%%

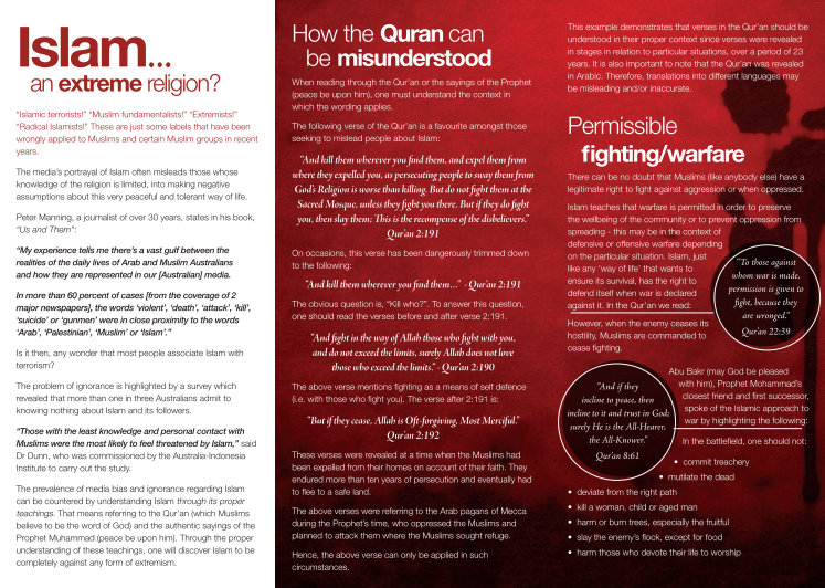 This pamphlet shows the Islamic view to terrorism and how some Quranic verses are misunderstood by lots of people. It also shows when war is permissible Islam.
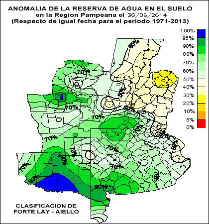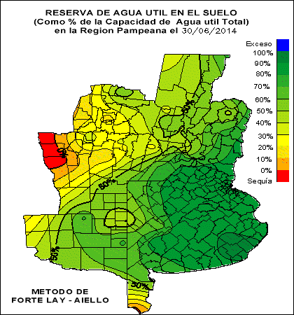 RESERVA DE AGUA ÚTIL EN EL SUELO (como % de la capacidad de agua útil total) en la Región Pampeana el 30 de Junio de 2014
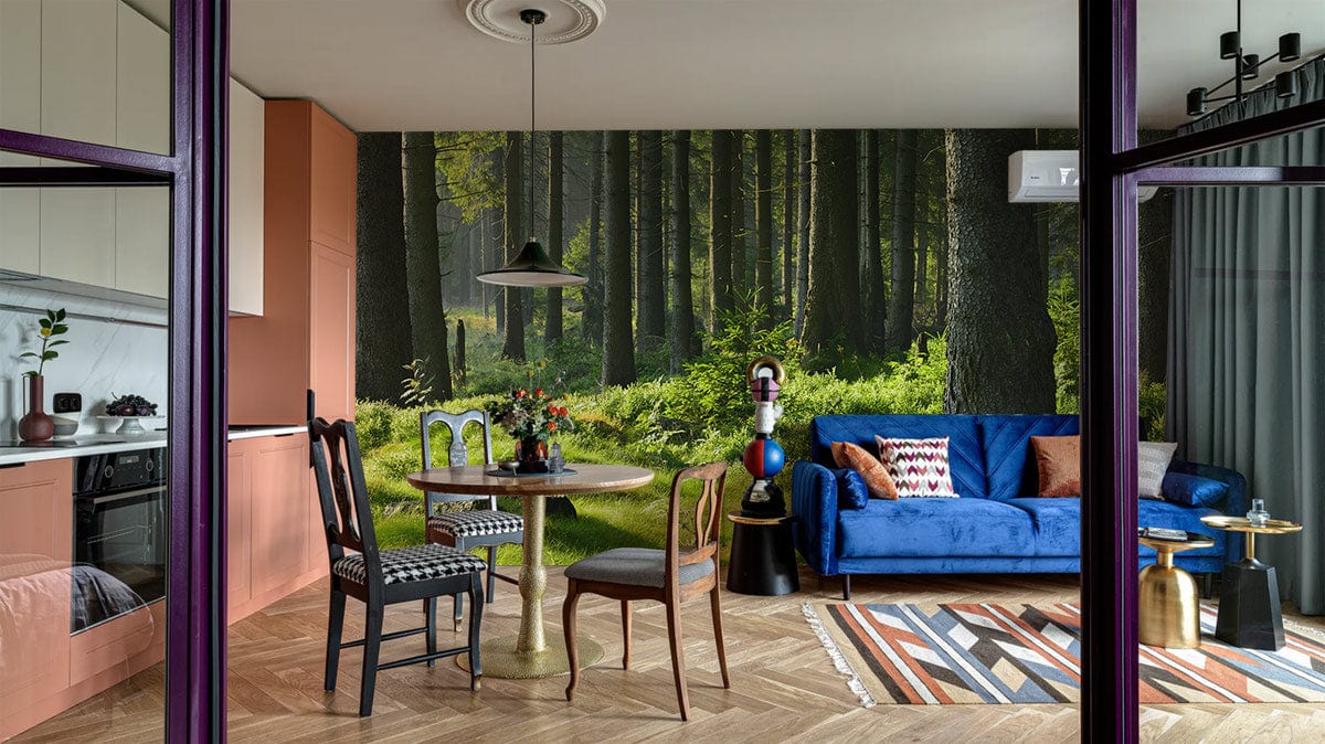 Get lost between the woods and forget about all your issues. These lovely green woods will give a vibrant effect to your place., with our deep in the woods design wallpaper. Your place will look so relaxing and so modern, the design is so different because it has depth and energy. Greens give positive energy and charge the soul with clear fresh power so make sure that you sue this mural at a place that you want to feel the energy and the hype all around you, this mural is on trend so you can use it at office, living room and also a bedroom and use decoration colours from the same colour palette of the design.
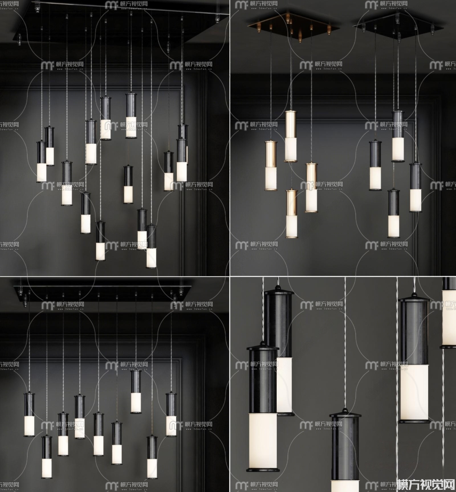 黑白简约风吊灯组合3D模型(ID:0023254)
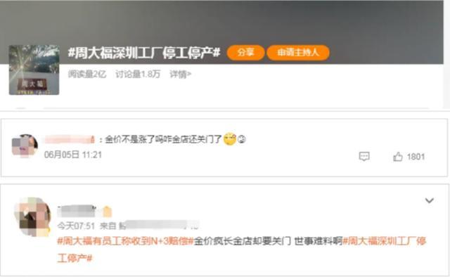 但是,等待周大福的却只有冷淡的市场、6月初“工厂停产停工”的热搜,以及消费者的一声叹息:金店关门,世事难料。
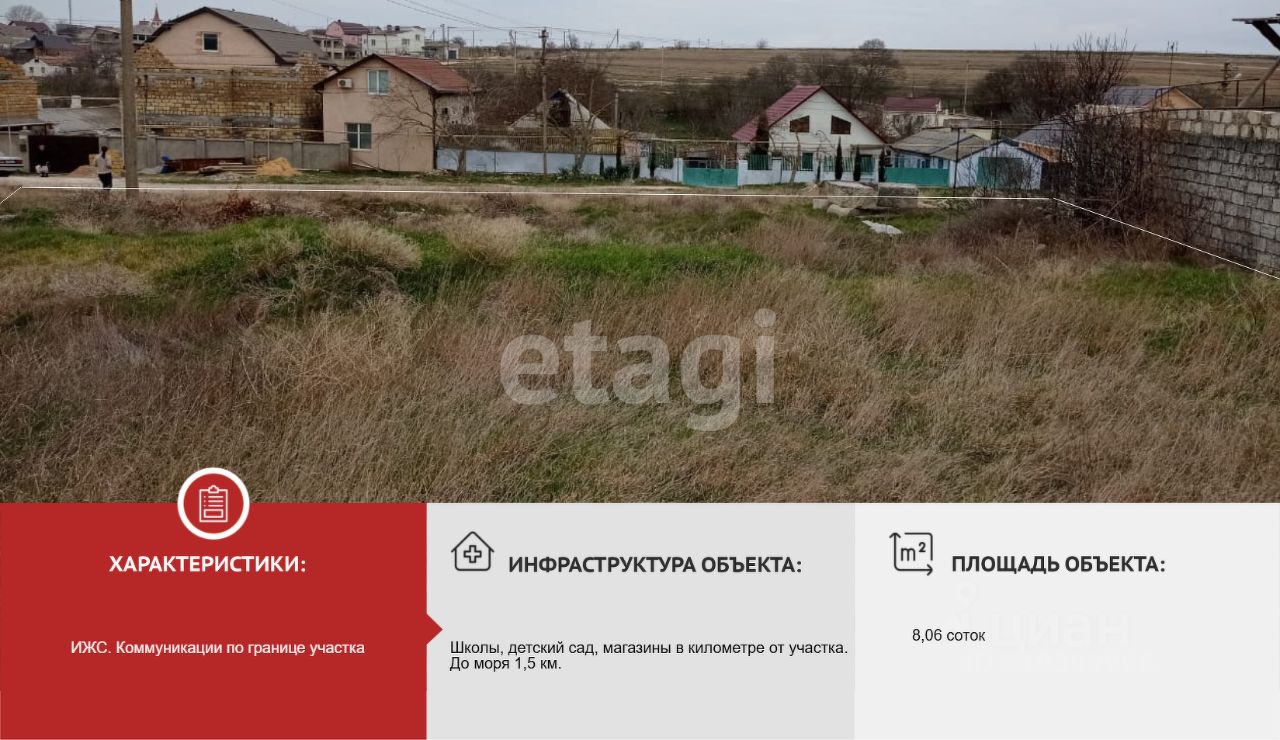 Продам видовой участок в курортном поселке Черноморское площадью 8,06 соток. Вид разрешенного использования индивидуальное жилищное строительство.
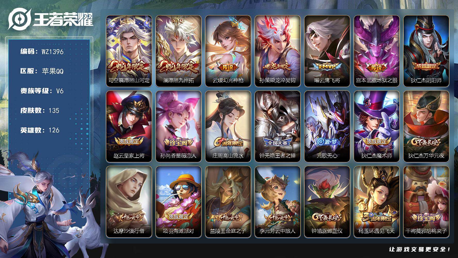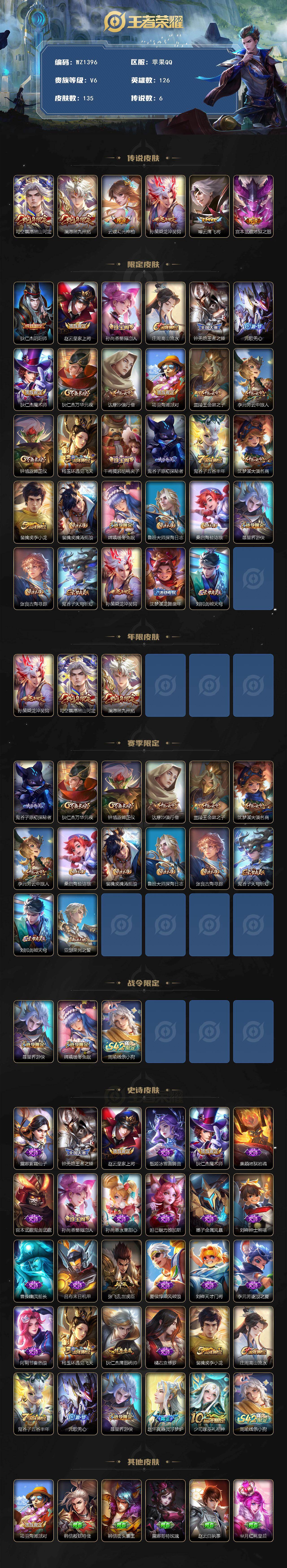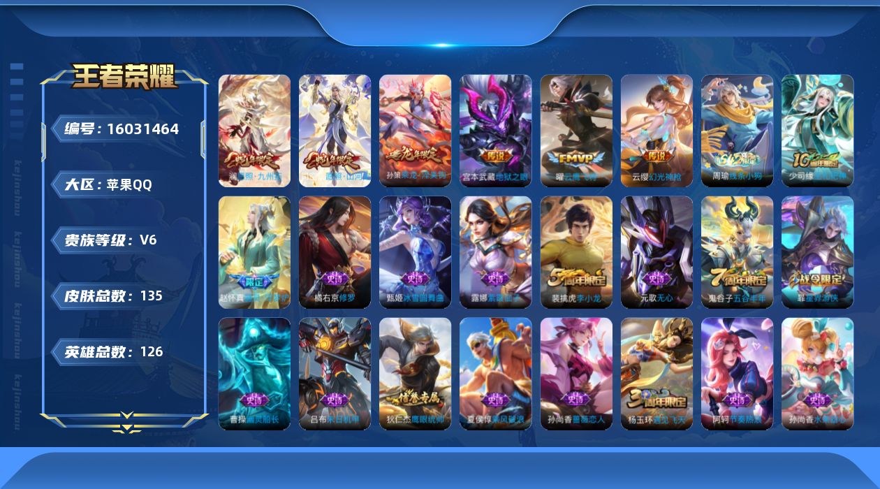 [16031464]苹果Q-V6-126英雄-135皮肤-6传说-29史诗
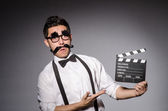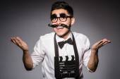 młody człowiek z fałszywych wąsy gospodarstwa clapperboard na szarym tle
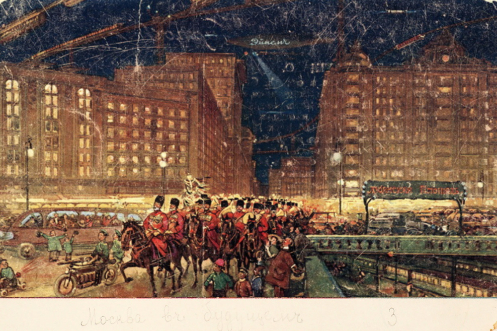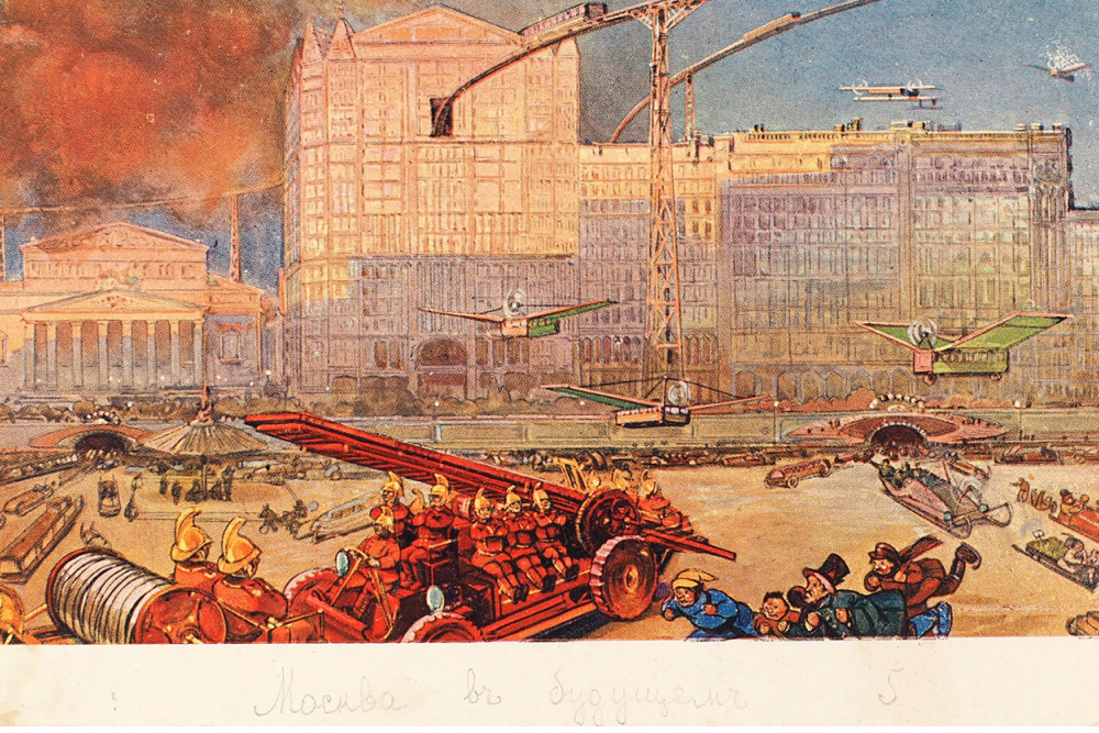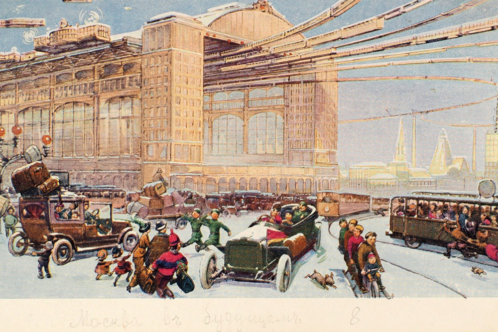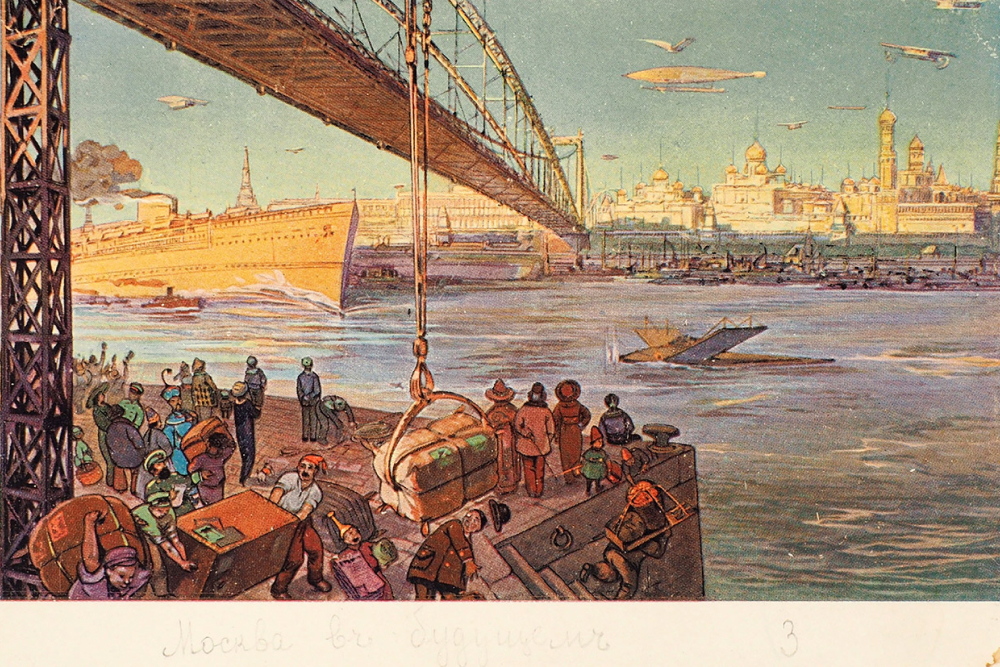 Идея открыток с предсказаниями в конфетах была подхвачена и воплощена в Москве в 1914 году: на кондитерской фабрике «Товарищества Эйнем» (ныне «Красный Октябрь») стали выпускать продукцию с названием «Москва будущего» с приложением в виде соответствующей почтовой карточки. Вся серия состояла из восьми футуристических открыток и сопровождалась описаниями того, что будет с «матушкой-Москвой» через 200–300 лет. Если верить предсказателям с шоколадной фабрики, то через век-полтора россиян ожидает экологически чистое будущее: «Лишенный микробов и пыли, совершенно чистый воздух прорезывают дирижабли и аэропланы… Зима, такая же, как и при нас 200 лет назад. Снег такой же белый и холодный», «Петербургское шоссе целиком превращено в кристально-ледяное зеркало, по которому летят, скользя, изящные аэросани». «Центральный вокзал воздушных и земных путей сообщения» доставляет пассажиров по земле и воздуху «с быстротою телеграмм». Москва-река превратится в мировой торговый порт с прозрачной водой и будет служить только для мирных кораблей, военные корабли будут упразднены за ненадобностью.

%%

- _ASSIGNMENT_:
Text only, pictures out: give every record again as written.

- _EXERCISE RESULT_:
 This pamphlet shows the Islamic view to terrorism and how some Quranic verses are misunderstood by lots of people. It also shows when war is permissible Islam.
 RESERVA DE AGUA ÚTIL EN EL SUELO (como % de la capacidad de agua útil total) en la Región Pampeana el 30 de Junio de 2014
 Get lost between the woods and forget about all your issues. These lovely green woods will give a vibrant effect to your place., with our deep in the woods design wallpaper. Your place will look so relaxing and so modern, the design is so different because it has depth and energy. Greens give positive energy and charge the soul with clear fresh power so make sure that you sue this mural at a place that you want to feel the energy and the hype all around you, this mural is on trend so you can use it at office, living room and also a bedroom and use decoration colours from the same colour palette of the design.
 黑白简约风吊灯组合3D模型(ID:0023254)
 但是,等待周大福的却只有冷淡的市场、6月初“工厂停产停工”的热搜,以及消费者的一声叹息:金店关门,世事难料。
 Продам видовой участок в курортном поселке Черноморское площадью 8,06 соток. Вид разрешенного использования индивидуальное жилищное строительство.
 [16031464]苹果Q-V6-126英雄-135皮肤-6传说-29史诗
 młody człowiek z fałszywych wąsy gospodarstwa clapperboard na szarym tle
 Идея открыток с предсказаниями в конфетах была подхвачена и воплощена в Москве в 1914 году: на кондитерской фабрике «Товарищества Эйнем» (ныне «Красный Октябрь») стали выпускать продукцию с названием «Москва будущего» с приложением в виде соответствующей почтовой карточки. Вся серия состояла из восьми футуристических открыток и сопровождалась описаниями того, что будет с «матушкой-Москвой» через 200–300 лет. Если верить предсказателям с шоколадной фабрики, то через век-полтора россиян ожидает экологически чистое будущее: «Лишенный микробов и пыли, совершенно чистый воздух прорезывают дирижабли и аэропланы… Зима, такая же, как и при нас 200 лет назад. Снег такой же белый и холодный», «Петербургское шоссе целиком превращено в кристально-ледяное зеркало, по которому летят, скользя, изящные аэросани». «Центральный вокзал воздушных и земных путей сообщения» доставляет пассажиров по земле и воздуху «с быстротою телеграмм». Москва-река превратится в мировой торговый порт с прозрачной водой и будет служить только для мирных кораблей, военные корабли будут упразднены за ненадобностью.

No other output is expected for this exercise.